When the input voltage VIN is the voltage V1 at Time P0, a current flows through the transistor M1. A node between the transistor M1 and the transistor M3 (a node N1 in FIG. 1A) has V1-VTH that is a potential corresponding to the voltage V1 decreased by the threshold voltage (VTH) of the transistor M1.

When the selection signal is set at H level at Time P1, currents flow through the transistor M2 and the transistor M3, e.g., the transistors are turned on. The capacitor C1 and the capacitor C2 are charged, so that the output voltage VOUT1 becomes V1 and the output voltage VOUT2 becomes V1-VTH. The semiconductor device 100 can have a structure in which the voltage of the input voltage VIN and the voltage decreased by the threshold voltage (VTH) of the transistor M1 are output. That is, in the semiconductor device 100, the transistor M2 and the capacitor C1, and the transistors M1 and M3 and the capacitor C2 can function as separate constant voltage generation circuits generating different voltages. Note that the voltage difference between a pair of constant voltage generation circuits is the threshold voltage of the transistor M1; thus, the voltage output from the pair of constant voltage generation circuits can be adjusted by adjusting the threshold voltage of the transistor M1.

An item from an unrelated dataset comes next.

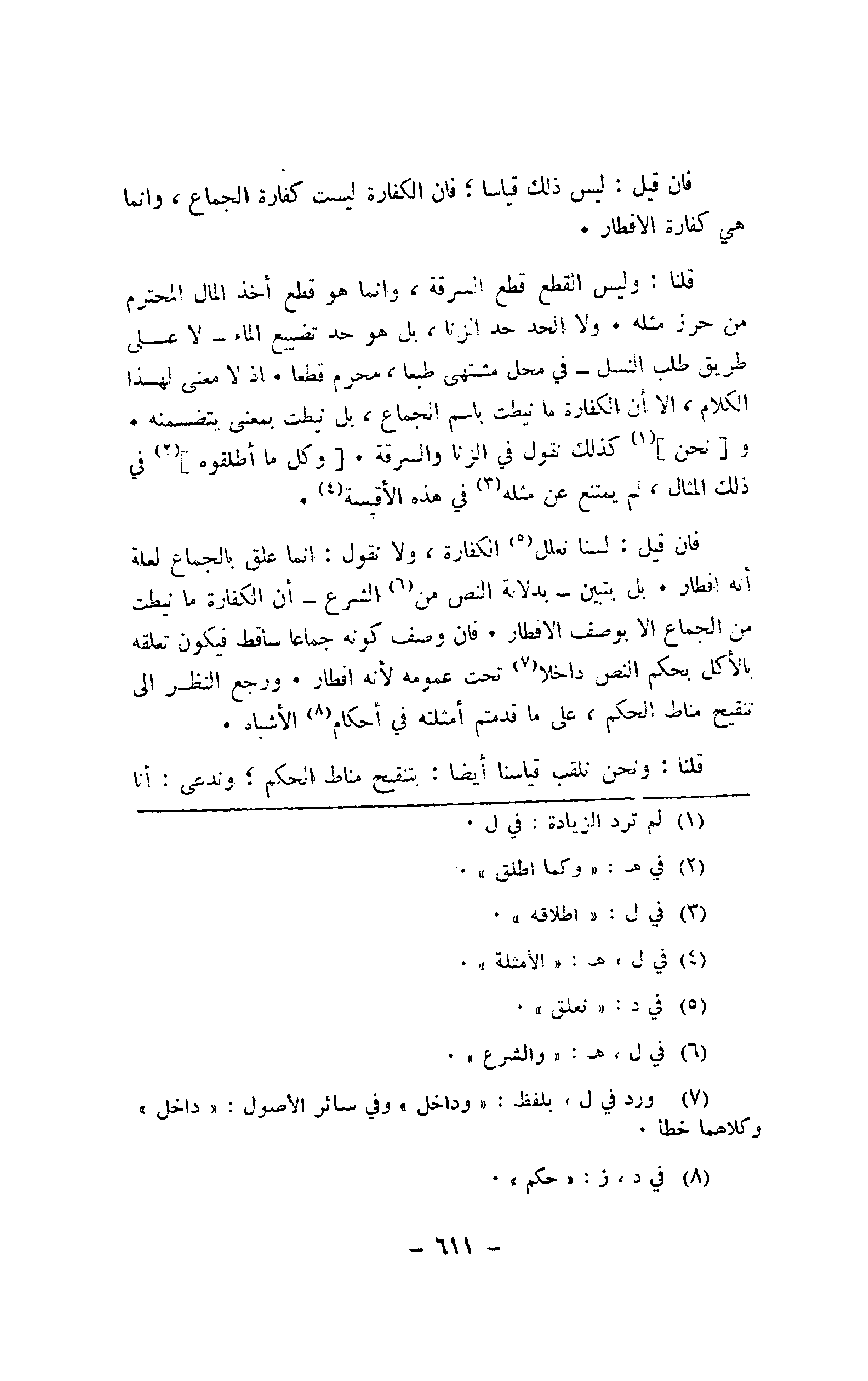 قلنا: وليس القطع قطع السرقة، وإنما هو قطع أخذ المال المحترم من حرز مثله. ولا الحد حد الزنا، بل هو حد تضييع الماء- لا على طريق طلب النسل- في محل مشتهي طبعًا، محرم قطعًا. إذ لا معنى لهذا الكلام، إلا أن الكفارة ما نيطت باسم الجماع، بل نيطت بمعنى يتضمنه. و [نحن] كذلك نقول في الزنا والسرقة. [وكل ما أطلقوه] في ذلك المثال، لم يمتنع عن مثله في هذه الأقيسة.

Furthermore, although the semiconductor device 100 is illustrated to have a structure in which the back gate potential BG2 and the back gate potential BG3 are supplied from the different terminals, another structure may be employed. For example, as in a semiconductor device 100A illustrated in FIG. 2A, the back gate potential BG2 may be supplied, as a common potential, to the back gate of the transistor M2 and the back gate of the transistor M3. With the structure, a wiring for supplying a back gate potential cab be short.

The output voltage VOUT1 and the output voltage VOUT2 shown in FIG. 1A and FIG. 1B can be used for a control circuit for preventing overcharge, overdischarge, or the like of a secondary battery such as a lithium-ion battery. A control circuit of a secondary battery has a function of generating a signal for cutting off an electrical connection between the secondary battery and a load (e.g., an electronic device such as a portable terminal) or between the secondary battery and a charger in the case where the voltage of the secondary battery exceeds a desired voltage or is lower than the desired voltage. The output voltage VOUT1 and the output voltage VOUT2 can be used as the upper limit voltage and the lower limit voltage for determining overcharge, overdischarge, or the like of the secondary battery.

With the structure, a constant voltage generation circuit generating a desired voltage as a reference voltage such as the upper limit voltage or the lower limit voltage can be small. When the constant voltage generation circuit has a structure in which a desired voltage is generated by resistance division of a voltage generated in a regulator, a digital-analog converter circuit (DAC), or the like, power consumption might increase. In particular, when a plurality of reference voltages such as the upper limit voltages and the lower limit voltages are needed in accordance with a temperature change, a constant voltage generation circuit generating a plurality of desired voltages is needed; in the structure of one embodiment of the present invention, the threshold voltage of the transistor can correspond to the difference between the upper limit voltage and the lower limit voltage, and the output voltage VOUT1 and the output voltage VOUT2 that are generated can be retained in the capacitors, and thus a circuit such as a DAC generating a voltage can be intermittently operated.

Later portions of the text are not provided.